There are many folk remedies for acne. One of the ones we’ve heard about is using jojoba oil or coconut oil for acne. People who use jojoba oil for acne recommend putting it on acne lesions and skin whereas people who recommend coconut oil for acne recommend consuming it orally or putting it on acne lesions and on the skin. Let’s take a look at the research to determine which oil, if any, is better for acne.
Topical Jojoba Oil for Acne
When comparing the two oils side by side you will notice that jojoba oil is a liquid whereas coconut is a solid. This is because coconut oil is rich in saturated fats. For topical use jojoba oil’s advantage is that it more closely mimics the oils normally produced by your skin. Applying a saturated fat to your skin can clog pores and worsen acne.

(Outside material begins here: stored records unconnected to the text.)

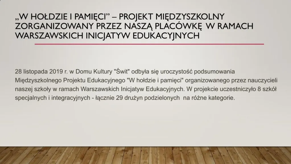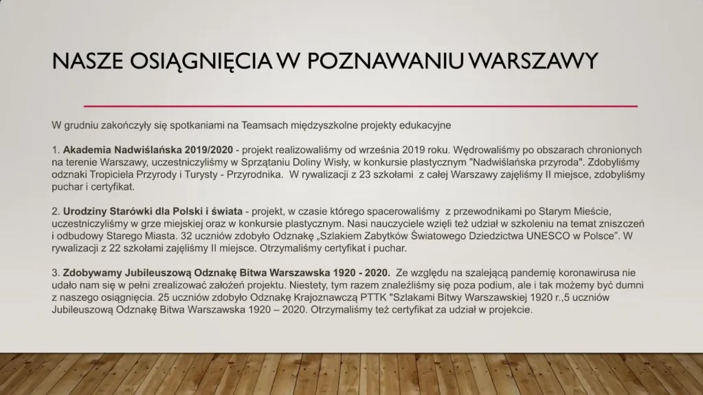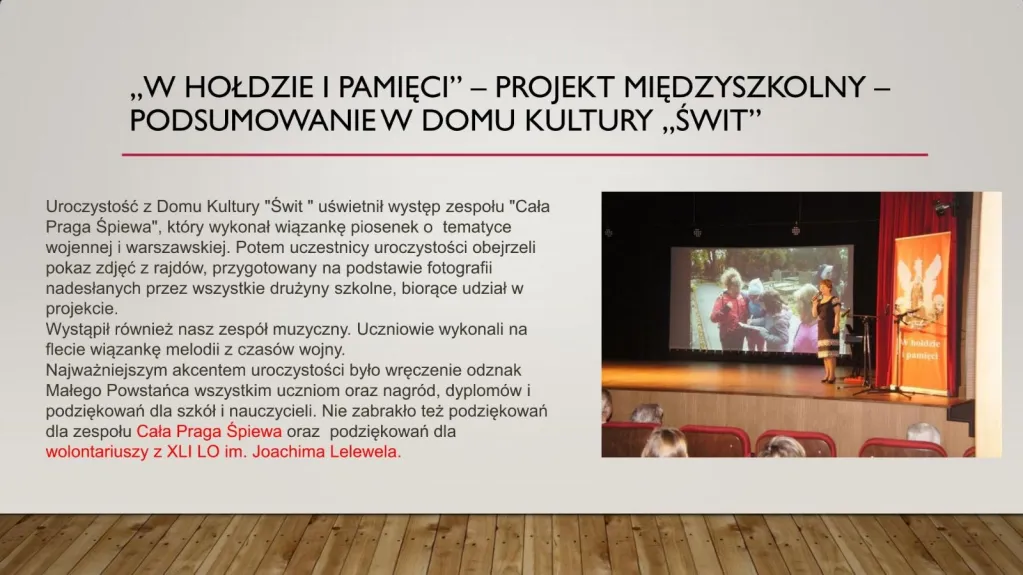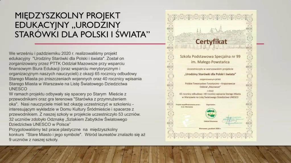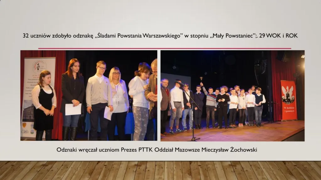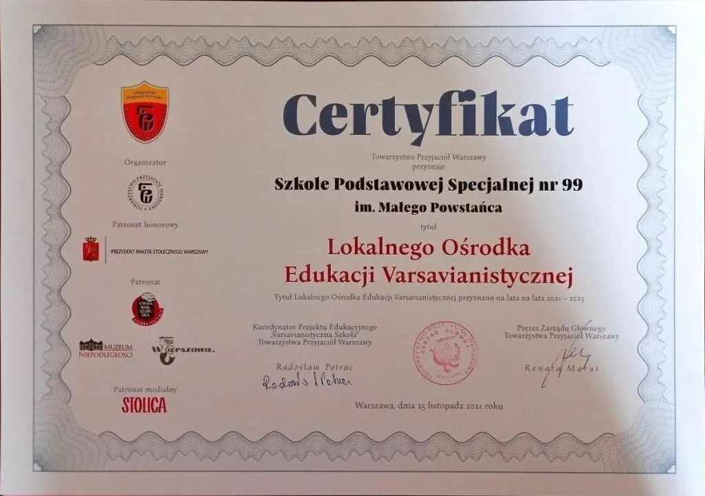 W uroczystości, która miała miejsce rozdane zostały podziękowania i certyfikaty 24 szkołom. Dzięki dwuletniej pracy nasza szkoła – już po raz drugi - otrzymała zaszczytny tytuł Lokalnego Ośrodka Edukacji Varsavianistycznej
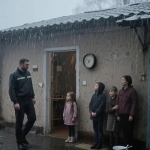 A woman named Katya stood at the door. Soaked, frozen, with three children behind her. Her husband had passed away six months earlier at a construction site.
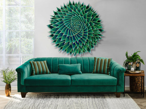 Acrylic on canvas, with additionally attached canvas on the edge of the round frame for the overall painting to have a real shape of aloe. The sculptured paste is used for the spines on the leaves for a 3D effect.
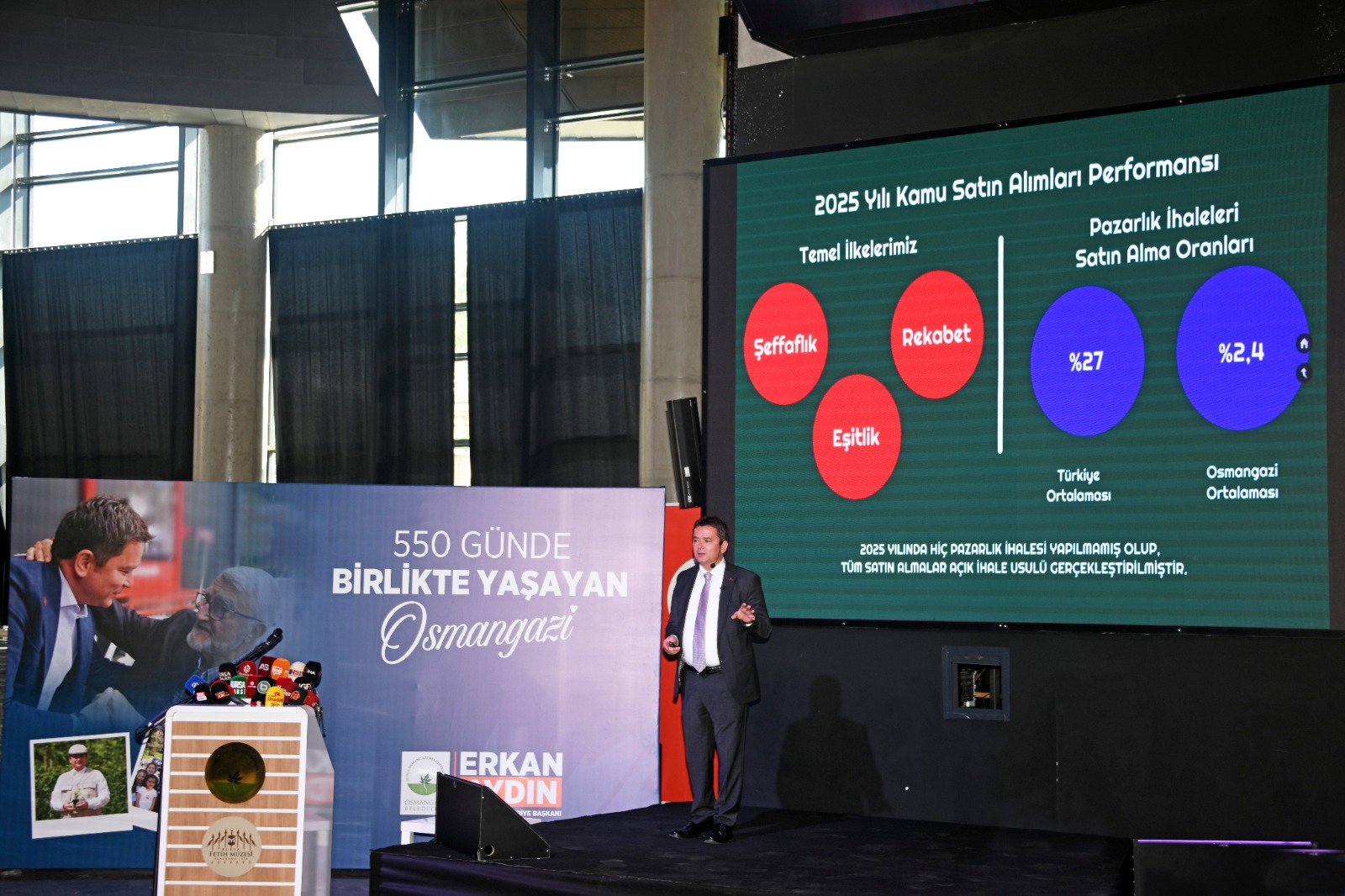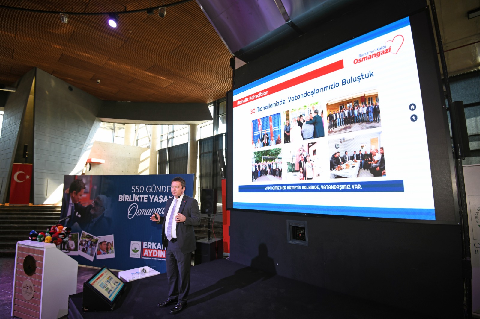 Panorama 1326 Bursa Fetih Müzesi’nde düzenlenen toplantıda 550 günün özetini paylaşan Başkan Aydın, “Bu sürede 35 temel atma ve açılış gerçekleştirdik. Henüz açılışını yapmadığımız 3 kreş, 1 sağlık ocağı ve temeli atılacak 4 yapımız daha var” dedi.

Topical Jojoba Oil for Acne Study
Only 1 study was found where topical jojoba was used.1 The oil was not applied directly but was infused into a clay mask. It was not blinded and followed 194 individuals (192 females and 2 males) with acne through a self-survey as they used a clay mask with jojoba oil on their faces two to three times weekly for six weeks. By the end of the study the subjects documented an average 50 percent reduction in the number of skin lesions, with actual pustules (whiteheads) reduced from an average of seven per patient when treatment began to three when the study concluded.
Topical Jojoba Oil for Acne Critique
While the study shows some promising results for the topical use of jojoba oil for acne, it is prone to bias. The subjects were not blinded meaning they all knew they were using a treatment. The lesion counts were performed by the patients instead of an impartial third party or medical expert. Furthermore, there was no control group so it is also difficult to attribute the acne-fighting effects to either:
- The use of a clay mask
- The act of washing the face after using a clay mask
- The jojoba oil in the clay mask
It is likely that some combination of the three contributed to the observed decline in acne. Clay works for acne because it helps remove oil from the skin. Clay also interacts with bacteria and the use of a clay mask may help remove acne causing bacteria from the skin.2
Topical Coconut Oil for Acne
As mentioned before coconut oil may not be the best oil to apply topically for acne because it is a saturated oil that is solid at room temperature which may clog pores and cause more acne. However, half of coconut oil’s fatty acids contain medium-chain lauric acid, which may kill harmful bacteria, viruses, and fungi. Lauric acid itself can kill P. acnes, the bacteria that contributes to acne—in fact, a study in mice published in the October, 2009 edition of the Journal of Investigative Dermatology shows that lauric acid is even more effective in destroying P. acnes than benzoyl peroxide, a popular over-the-counter acne treatment.3 Unfortunately, the lauric acid in coconut oil is not effective if consumed orally as it is metabolized by the body.
Coconut’s Role in the Anti-Acne Diet
Coconut does have other benefits when consumed orally as part of an anti-acne diet. Acne has been characterized as a “disease of western civilization” and its roots are found in diet and lifestyle. The Kitavans, a hunter-gatherer group living on an island, have a diet that consists only of tubers, fruit, fish, and coconut. Despite analyzing the adolescent population of the island, the researchers were unable to find a single case of acne.4
The researchers attributed this to the Kitavan diet which has a low-glycemic index compared to Western diets. Low glycemic index diets do not cause a drastic spike in insulin and insulin-like-growth-factor 1 (IGF-1) levels that have been implicated in the cause of acne. Western diets tend to consist of highly processed foods that cause blood sugar spikes.
Is Jojoba Oil or Coconut Oil Better for Acne?
The bottom line is that jojoba oil and coconut oil both have their roles in the treatment of acne. Jojoba oil may be utilized as part of a daily skin care regiment and coconut oil can be used as part of a low-glycemic index diet for acne in addition to taking supplements for acne.